Maspalomas24h Samstag, 21. März 2026

Der Bürgermeister von San Bartolomé de Tirajana, Marco Aurelio Pérez, hebt hervor, dass die interkommunale Zusammenarbeit es ihnen ermöglicht hat, die durch den Sturm verursachten Vorfälle erfolgreich zu bewältigen.

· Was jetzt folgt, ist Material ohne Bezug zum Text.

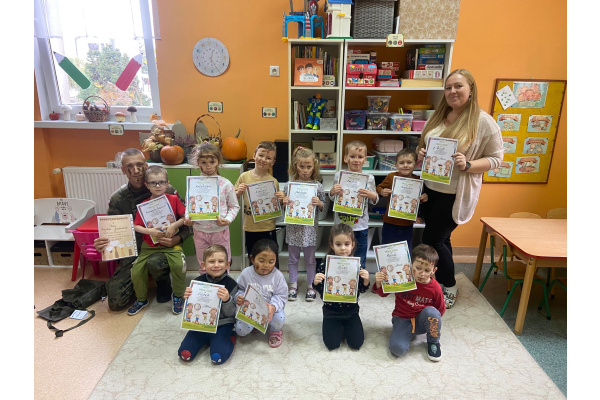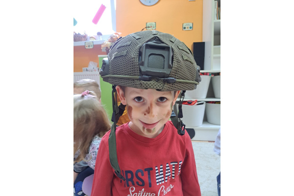 Do grupy Żabki zawitał ostatnio tata Kuby – pan Krzysztof, który jest starszym szeregowym, specjalistą saperem w 1 Brygadzie Logistycznej. Pan Krzysztof przeprowadził dla dzieci bardzo ciekawe zajęcia na temat bezpieczeństwa oraz pracy żołnierza Wojska Polskiego.
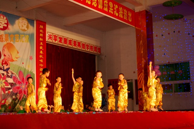 19点20分,随着主持人梁爱军、黄婷、王敏瑶、周逸群的出场,晚会随之拉开帷幕,全场掌声雷动,洋溢在一片欢乐的海洋里。参加这次汇报演出的阵容强大,内容丰富,节目精彩不断。每个年级都表演了各自的节目:学前班的舞蹈《快乐的儿歌》,童真童趣;一年级的古诗新唱《明日歌》,集古今于一体;二年级的快板《夸正源》,铿锵激越;三年级的相声《反义词》,引人入胜;四年级的情景剧《我们共同的家园》,感情真挚;五年级的诗歌朗诵《祖国》,激情豪迈;六年级的歌伴舞《愿祖国花好月圆》,激情豪迈;最后,教师代表队表演的《健美操》,将晚会推向高潮。
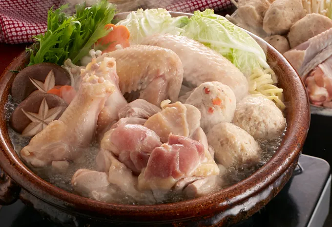 みやざき地頭鶏の鶏ガラを数時間炊き込み旨味を抽出。抗生物質、ホルモン剤等を一切与えず育てあげる地頭鶏だからこそ、最後まで安心して飲めるスープです。ぶつ切りした地頭鶏とつくね(若鶏軟骨つくね)を入れ、お好みの野菜を入れて自家製ポン酢でどうぞ。
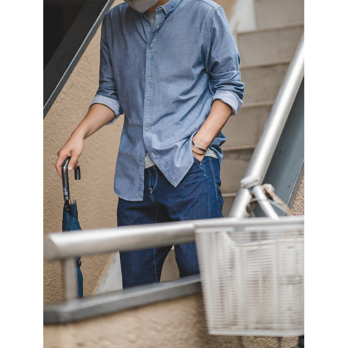 馬登工裝復古磨毛長袖薄襯衫牛津紡純棉休閒外穿襯衣打底衫男春
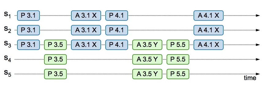 - Server1 发起epoch值为3的accept请求,S1,S2均返回OK,但是S3由于被Server 5发来的(P 3.5)抢占了访问权,返回fail,由于只收到2个OK(不超过半数),所以并未取得确定性取值

Marco Aurelio Pérez ruft die Bewohner zur Vorsicht und Kooperation auf, um unnötige Fahrten zu vermeiden, und prangert das unzivilisierte Verhalten vieler Radfahrer an.

 

Sturm Therese „hat die Gemeinde San Bartolomé de Tirajana erheblich beeinträchtigt“, seit der städtische Notfallplan (PEMU) am vergangenen Donnerstag um 8 Uhr morgens aktiviert wurde, wie Bürgermeister Marco Aurelio Pérez Sánchez am Samstag selbst mitteilte, als er vor die Medien trat, um über die Maßnahmen zu berichten, die der Stadtrat aufgrund von Sturm Therese ergriffen hat.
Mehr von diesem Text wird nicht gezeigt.